**Information supplied**
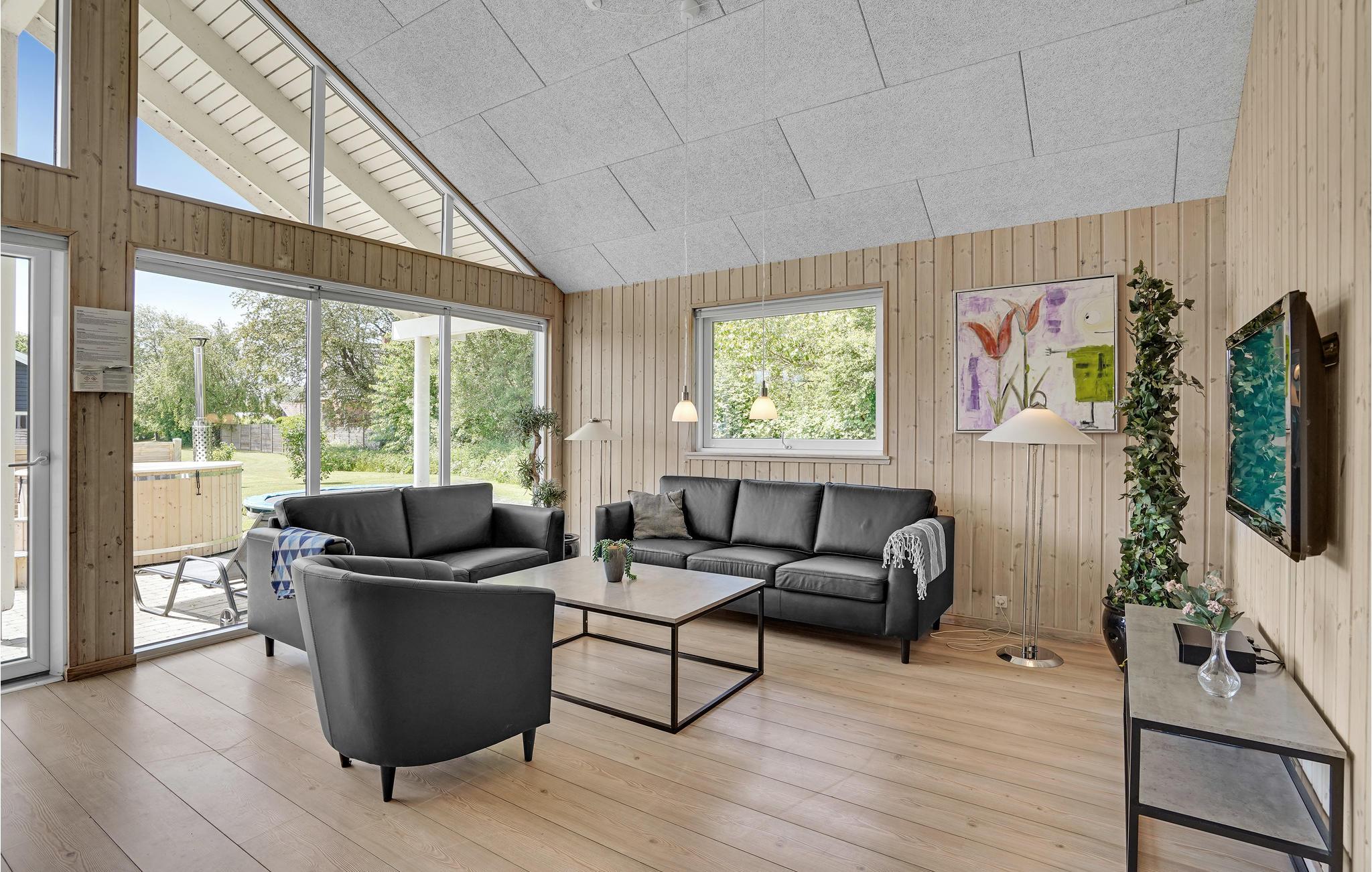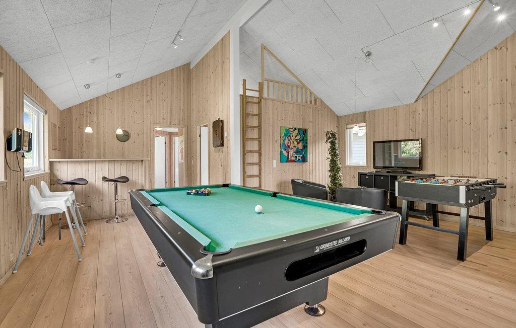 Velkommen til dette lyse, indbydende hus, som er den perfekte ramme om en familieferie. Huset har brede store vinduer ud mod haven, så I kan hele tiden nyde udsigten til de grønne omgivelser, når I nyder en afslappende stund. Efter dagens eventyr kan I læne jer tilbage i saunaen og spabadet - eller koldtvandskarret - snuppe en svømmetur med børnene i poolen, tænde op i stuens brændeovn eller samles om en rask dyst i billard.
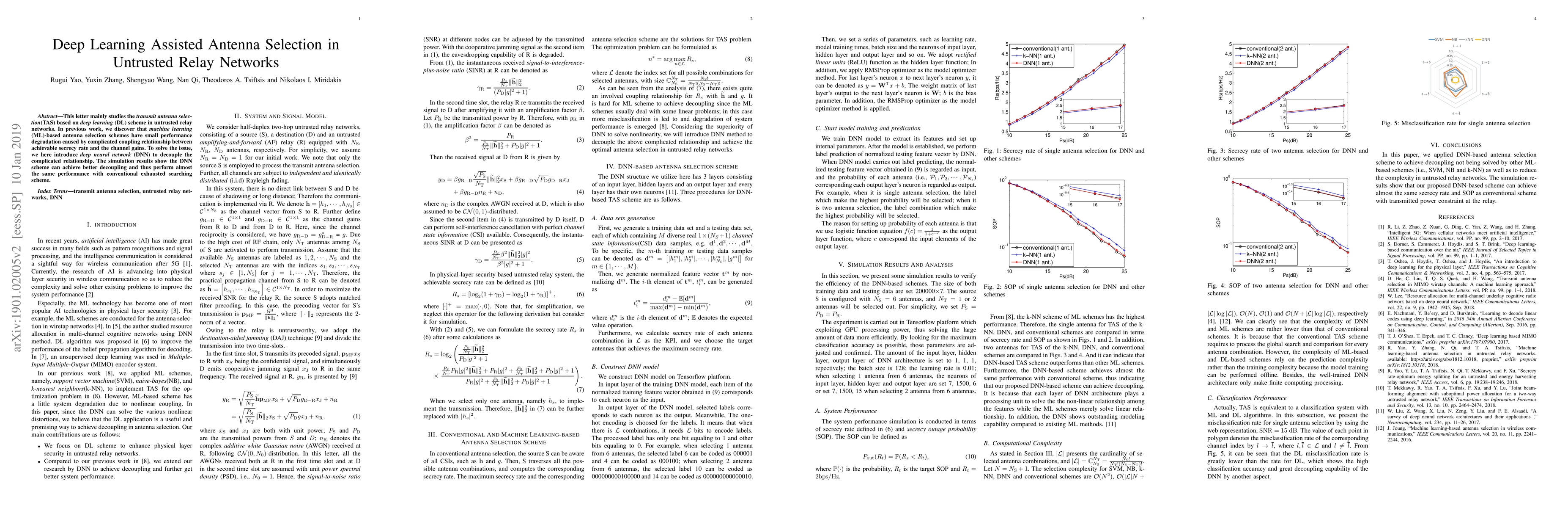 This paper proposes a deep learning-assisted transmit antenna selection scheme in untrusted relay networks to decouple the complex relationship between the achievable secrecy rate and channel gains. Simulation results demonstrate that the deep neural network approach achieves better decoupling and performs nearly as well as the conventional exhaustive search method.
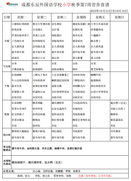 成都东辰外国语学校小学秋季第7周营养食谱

**Work request**
Before you return the listing exactly, strip out its pictures.

**Solution to this exercise**
 Velkommen til dette lyse, indbydende hus, som er den perfekte ramme om en familieferie. Huset har brede store vinduer ud mod haven, så I kan hele tiden nyde udsigten til de grønne omgivelser, når I nyder en afslappende stund. Efter dagens eventyr kan I læne jer tilbage i saunaen og spabadet - eller koldtvandskarret - snuppe en svømmetur med børnene i poolen, tænde op i stuens brændeovn eller samles om en rask dyst i billard.
 This paper proposes a deep learning-assisted transmit antenna selection scheme in untrusted relay networks to decouple the complex relationship between the achievable secrecy rate and channel gains. Simulation results demonstrate that the deep neural network approach achieves better decoupling and performs nearly as well as the conventional exhaustive search method.
 成都东辰外国语学校小学秋季第7周营养食谱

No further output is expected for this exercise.